The recent fracas at Jawaharlal Nehru University (JNU), followed by a pitch battle on the judicial premises, is being seen by some as part of the rising intolerance pattern. Critics attribute it to the aggressive Hindu nationalist ideology of Bharatiya Janta Party (BJP) which is at odds with intellectual freedom and dissent. Noted historian Romila Thapar expounded BJP-RSS's core ideology as memorization of a narrow set of questions and answers which prohibit any doubt or deviation.
The viral images of a BJP lawmaker beating up a left activist would seem to support this assertion. Interestingly, while the fracas was unfolding in the national capital an RSS activist was brutally murdered by purported CPM activists in Kannur.
This brings me to the moot question, is violence the fief of a particular political ideology, and by extension the operationalizing political outfit? To address this question I analyze the data from India Sub National Problem Set, which has recorded information on violent conflicts in India until 2004. The recorded events include categories such as terrorist incidents, communal and ethnic riots, state organized violence etc. To narrow down on the issue of political violence, I focus on incidents where at least one political outfit was involved. This sub-sample constitutes about 14 percent of the total recorded incidents in the dataset. In what follows I discuss the emergent patterns.
Temporal and Spatial Distribution of Political Violence
Political violence in India, both in terms of incidence and magnitude, shows a downward trend over the sample period (Appendix, Figure 1). Political violence peaked in the period from 1966 to 1970, driven by the violence involving communist parties (see Figure 4).
West Bengal, Assam and Tamil Nadu were most affected by political violence over the sample period. West Bengal alone accounted for over 34 percent of all political violence related deaths in the sub-sample (Figure 2).
Which Parties are Associated with Most Violence?

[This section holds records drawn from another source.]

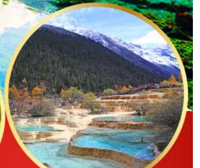
อุทยานหวงหลง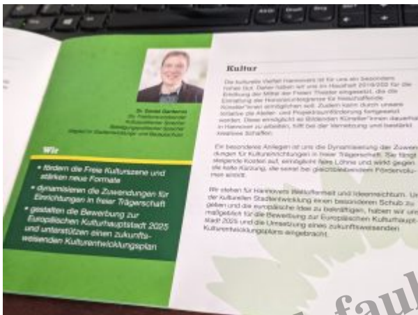
Ein Ausschnitt aus dem Flyer „GRÜNE Halbzeit-Bilanz“. Die Grünen blablabla

geänderter Form so beschlossen wurde, dass er wirklich niemandem weh tut (außer einem waschechten Grünen vielleicht). Mehr zum damaligen Antrag unter Klimaschutz leicht gemacht und wir empfehlen auch Die Ampel in der Klimakrise (beides aus 2019!).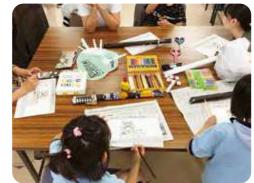
「護美奉行(ごみぶぎょう)」が使う「刀トング」をみんなで製作

阪神尼崎駅近くの商店街に、高齢者や子ども、商店街の活性化や住民のコミュニティづくりまで幅広い事業を行う協同労働の団体があります。設立したのは、この街で生まれ育った仲間たち。造園と介護事業をはじめ、子ども食堂の運営、児童デイサービス、地域の商店街活性化をめざしたイベント、地域連帯プロジェクトなど多彩な事業を展開しています。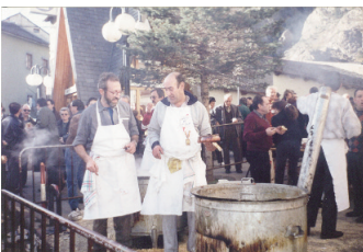
Vianda de Sant Antoni a la plaça de Montaup, gener 1993.

Els encants i la vianda de Sant Antoni. Durant el mes de gener el sagristà de la parròquia passava per les cases de Canillo i els veïnats a deixar una imatge de sant Antoni del porquet, patró dels animals. Els amos deien un parenostre al sant perquè protegís els seus animals i bestiar. La mestressa ficava un brotet de marduix dintre de la capelleta i després donaven alguna cosa per als encants: embotits, botifarra, peus, cap i orelles de porc salades, un sarró de blat o pa artesà. El dia 17 de gener, diada de Sant Antoni, era festiu a l'escola. Durant el matí se celebrava una missa a l'altar de Sant Antoni de Sant Serni. Els fidels portaven ciris i s'encenien en aquell mateix altar. Després de missa el mossèn sortia a la porta de l'església per beneir els animals. També anava a les corts de les cases que li ho demanaven. Durant la tarda d'aquest dia, després del rosari, davant la rectoria, es duïen a terme els encants o subhasta pública dels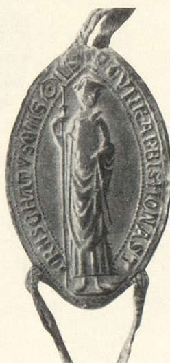
Abb. 6 Konrad IV. v. Liebenfels 1302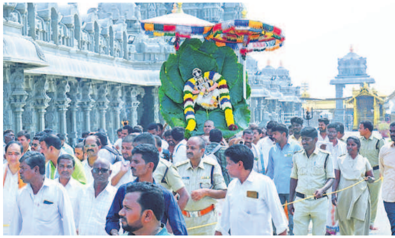
అలయ మాడ వీధుల్లో పట పత్రకాలు అలంకారంలో స్వామి వారి ఊరేగింపు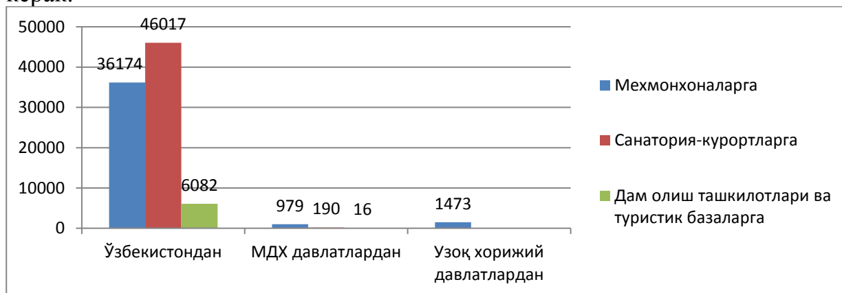
2-расм. 2015 йилда Наманган вилоятидаги рекреацион объектларга ташриф буюрувчиларни таркиби, киши

Дам олиш ташкилотлари ва туристик базаларда 2012 йилда 5,2 минг кишига, 2013 йилда 4,8 минг кишига, 2014 йилда 5,8 минг кишига, 2015 йилда 6,1 минг кишига кўпайган ҳолда ўтган йилларга нисбатан 0,9 минг кишига кўпайган. Вилоятдаги туристик фирма ва ташкилотларда 2012 йилда 3,1 минг кишига, 2013 йилда 2,5 минг кишига, 2014 йилда 0,4 минг кишига, 2015 йилда 0,6 минг кишига кўпайган ҳолда 2012 йилга нисбатан 2015 йилда 2,2 минг кишига камайган. Хулоса сифатида шуни айтиш мумкинки, вилоятдаги рекреацион объектлардаги таҳлилий маълумотларни ўрганиш асосида бир қатор объектларда рекреантларни келиши кўпайган, лекин туристик фирма ва ташкилотларга келувчилар сони анча камайган. Бу ҳолат рекреацион объектлардаги ижобий ўзгаришлар юз берганлигини кўрсатади. Вилоятга келувчилар сонини янада кўпайтириш учун рекреацион объектлар бўйича реклама ишларини янада кучайтириш, интернет тармоқларида кенг тарғибот ишларини олиб бориш зарур. Кўплаб ташкилотларда кенг тарғибот-ташвиқот ишларини ривожлантириш керак.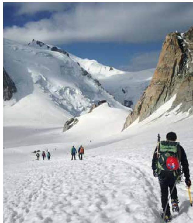
Sul ghiacciaio e di fronte il Mont Blanc du Tacul e il Mont Maudit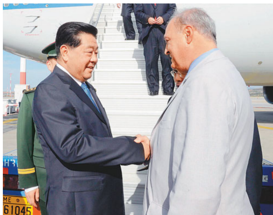
應希臘議會的邀請,賈慶林23日抵達雅典國際機場,開始對希臘進行為期5天的正式友好訪問。希臘議會第一副議長尼奧蒂斯在機場迎接。

德國是賈慶林主席此次歐洲之行的最後一站。德國是歐元區重要經濟體。中國與德國1972年建交,建交後各方面關係總體發展順利。目前雙方互為在各自所在地區的最大貿易夥伴。2010年雙邊貿易額達1,424億美元,佔中國對歐洲貿易總額的三分之一。今年6月,中國國務院總理溫家寶訪問德國,與德方進行了兩國首輪政府磋商,在科技、文化、尤其是經濟合作領域達成諸多共識。賈慶林主席此次訪將落實有關磋商成果,進一步提升中德戰略合作水平。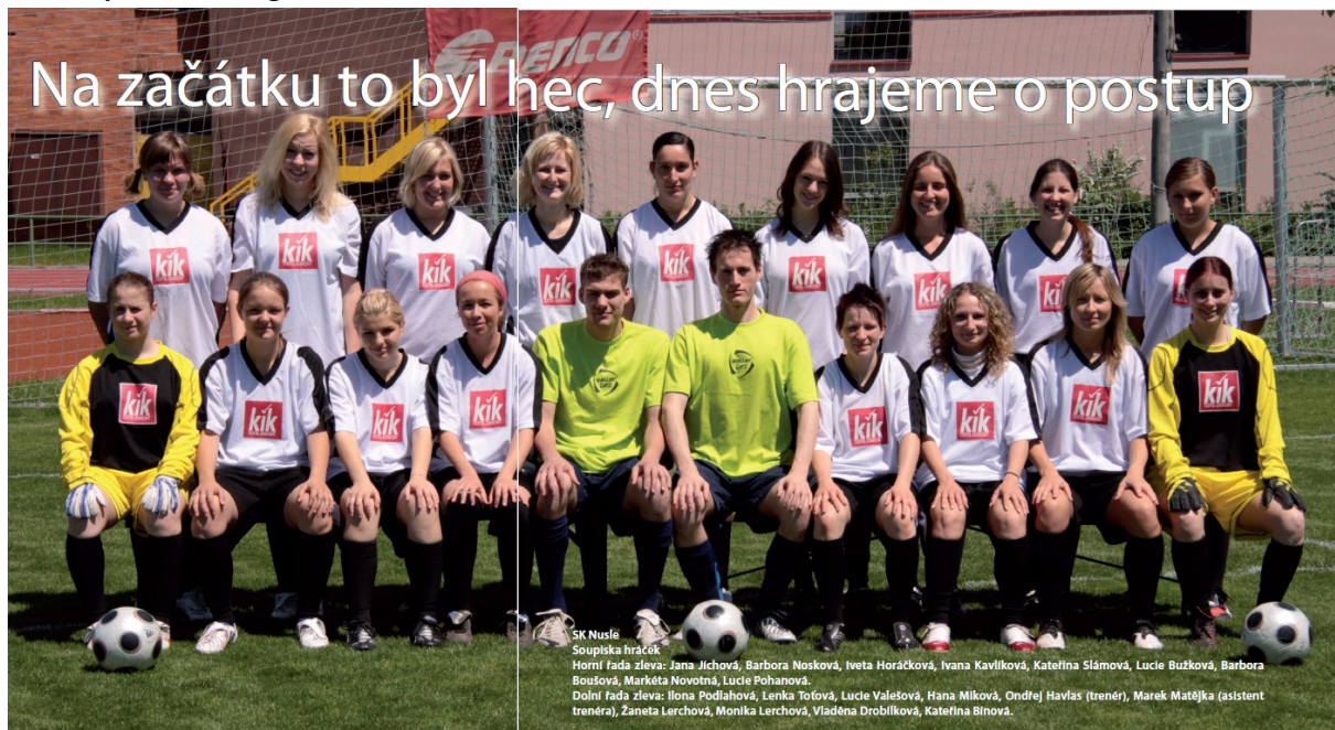
Obrázek 17; SK Nusle; zdroj: časopis Fotballady vyd. 10-11 2010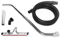
P12348 KIT POLVO Ø 50MM

Kit completo de accesorios específicos para la aspiración de sólidos y líquidos de 50 mm de diámetro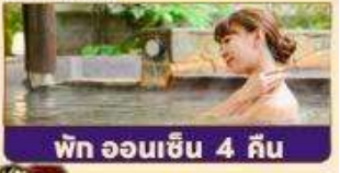
พัก ออนเซ็น 4 คืน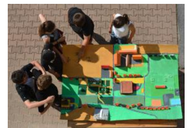
La maquette construite par le groupe des 11-17 ans.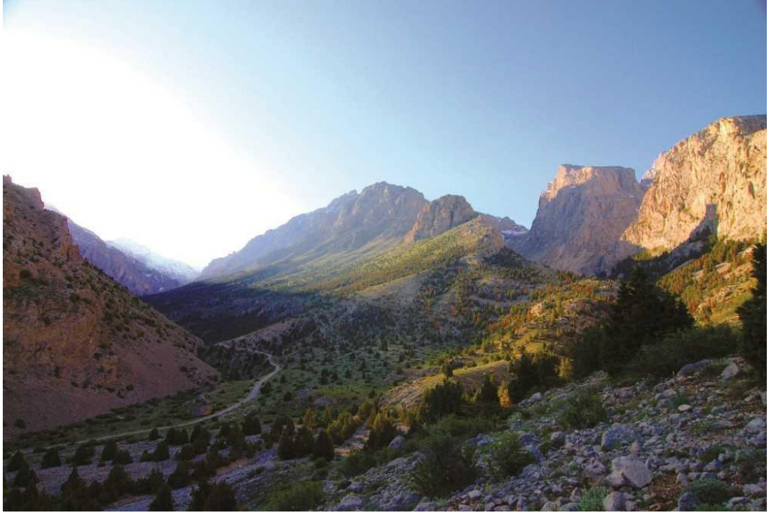
Şekil 6. Çamardı Emli Vadisi.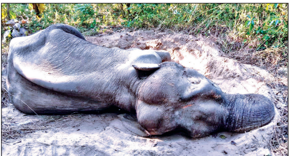
बरहैनी रेंज के जंगल में मिला नर हाथी का शव।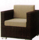
ロードス ¥113,000~ P 58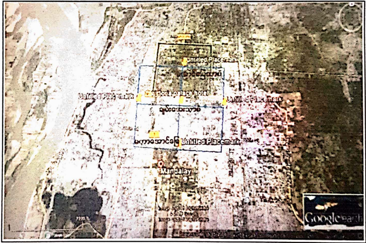
Figure 2: စီမံကိန်း၏ အနီးပတ်ဝန်းကျင်ပြမြေပုံ

Unraveling the data by political parties shows that incidents involving BJP, Congress and CPI and CPM (Communists henceforth) account for 74 percent of all deaths in the sub sample. I club the two main communist parties together as they operationalize the same political ideology.
While Congress was associated with most number of incidents, the Communists were associated with most number of deaths (Figure 3).
No clear trend emerges from the temporal profile of violence across the three political parties (Figure 4). Notably, while the violence associated with both Congress and the Communists peaked before 1980s, for BJP it peaked in the 90s.
Is Violence Positively Associated with Political Power?
On the basis of above observation I set up a testable hypothesis i.e. is political violence positively correlated with political power enjoyed by a party? Increasing electoral success may embolden party cadre to resort to violence against their opposition. In a more extreme scenario, the party in power may use institutional authority to systematically target and weaken its opposition. On the flip side, political violence may have a non-linear relationship with political power i.e. the likelihood of violence is maximum when the competition for political control is in balance.
To test this hypothesis I combine data on political violence with State Assembly elections data sourced from the Election Commission of India. I use state assembly vote share as a proxy for political power. If the hypothesis holds we should expect a positive correlation between a party's vote share and the political violence associated with it. I also use squares of assembly vote shares to control for plausible non-linear relationship.
The results are presented in Table 1 at the end. The correlations are statistically insignificant, except for Congress vote share which is positively correlated with violence associated with the Communists (Column 1 and 4). This may indicate to use of violence by the dominant political party, in retaliation to the improving electoral fortunes of its opposition. While these are rudimentary correlations, one can develop an empirical framework (a la Mitra and Ray, 2014) to unpack this association.
Conclusion
Three patterns emerge from an investigation of data on political violence in India. Political violence has been on a decline over the sample period. Second, West Bengal accounts for the biggest share of political violence. Finally, Congress and the Communists are associated with most political violence according to the sample.
These patterns should be seen in consonance with the caveats in the dataset. First, the data is only available till 2004. The relative share of violence associated with these parties may change if the series was updated. Second, non-treatment of certain events such as Anti Sikh riots or Gujarat riots as political violence could be questioned, as they involved active participation of certain parties' cadre.
On a concluding note, empirical literature on political violence and political power in India is scant and could be an interesting topic for future research.